Even when we’re in our own heads, language runs like a river, at times spraying buoyantly over an idea and at others eddying around an emerging thought. Writers toy and struggle and cajole and muse over just which words - the units of language - to string together to make ourselves known. We humans rely on language in the same way we rely on the air we breathe: effortlessly, continuously, unconsciously, completely.

But if there’s one thing large-scale change work has taught me over the years, it’s that language is really a terrible analog for human experience. Get 20 people together to discuss anything of consequence, and you quickly find that language is so imprecise, it’s a wonder we ever connect at all. I spend much of my time, especially early on, asking “what do you mean?” to untangle the layered meaning inside one head so as to relate it to others. Wars are fought not so much because we disagree but because we misunderstand each other.

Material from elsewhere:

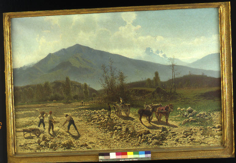 - NOTIZIE STORICO CRITICHE Il dipinto venne presentato all'Esposizione di Brera nel 1870: in quell'occasione, il pittore "otteneva il primato pel numero e la bontà de' suoi dipinti" (Mazza, in "La Lombardia", 3 settembre 1870, p. 1). Nella tela il Mongeri sottolineava che "la bravura dle pennello cede il posto ad una miglior bravura, quella da chi ama anzitutto il vero e lo comprende", mentre il Bomben metteva in risalto "il tocco originale" del pittore. Nella tela, di forte impatto verista, il paesaggio, illuminato da una calda luce solare, viene animato dalle figure di uomini e contadini intenti a lavorare. La stesura vibrante e gli effetti luministici, ricordano molto i modi di Filippo Carcano. con medesimo soggetto esiste un altro dipinto - di più piccole dimensioni - del Formis, "Lavoro nei campi presso Canzo", riferibile anch'esso al 1870.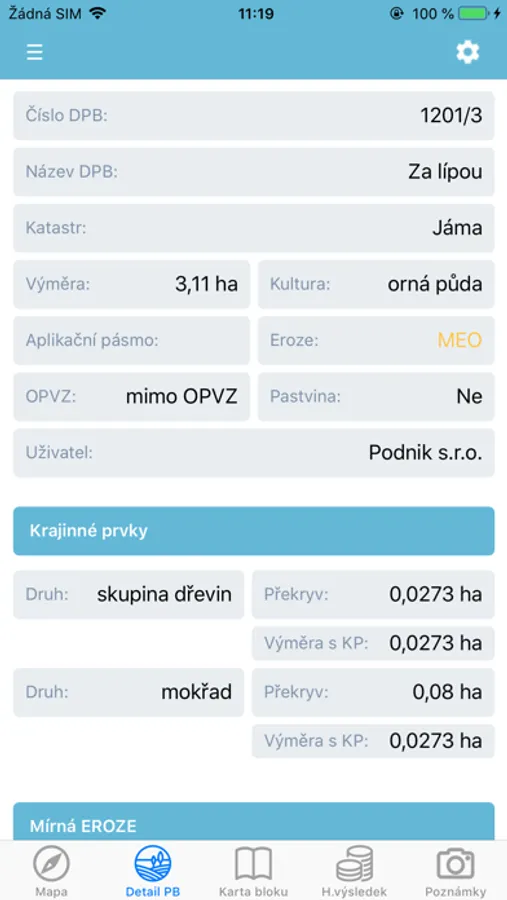 Aplikace GC ÚPRAVY® Zemědělec Vám umožní přistupovat k údajům agronomické evidence z tabletu nebo chytrého telefonu. Přímo v terénu aplikace zjistí Vaši skutečnou polohu a zobrazí kartu honu, kde uvidíte údaje o půdním bloku a základní agronomické evidence k tomuto bloku. Dostupné jsou údaje o plodinách, osivech, produkci, hnojení, použití přípravků na ochranu rostlin, pracovních činnostech a hospodářském výsledku. K dispozici máte s sebou také mapovou prohlížečku, kde si ověříte přesnou hranici půdních bloků. Mapu jednoduše podložíte leteckým snímkem, základní nebo erozní mapou, případně jinou vrstvou WMS. Součástí mapy je i katastrální mapa s možností vyhledání údajů v Nahlížení do KN.

Those who use language well know it’s imprecise, and just because you say a word, doesn't mean the other person got your intent. Great communicators tell stories, describe ideas or concepts with metaphors and examples, using different perspectives, wording, and sometimes even language. And in the context of change, the bigger it is, the more critical our use of language becomes. The early talk about global warming is a good case in point. Bill McKibben, in his book Eaarth, describes how 100 years ago a Swedish scientist proposed that coal “evaporating into the air” could cause increased temperatures. Obviously, he was way out in front, and no one paid him any mind. Yet, it strikes me that his language was a big part of the problem: there were not yet words to express his message and no one had the foggiest idea what could be meant by coal evaporating into the air; it must’ve sounded almost mystical.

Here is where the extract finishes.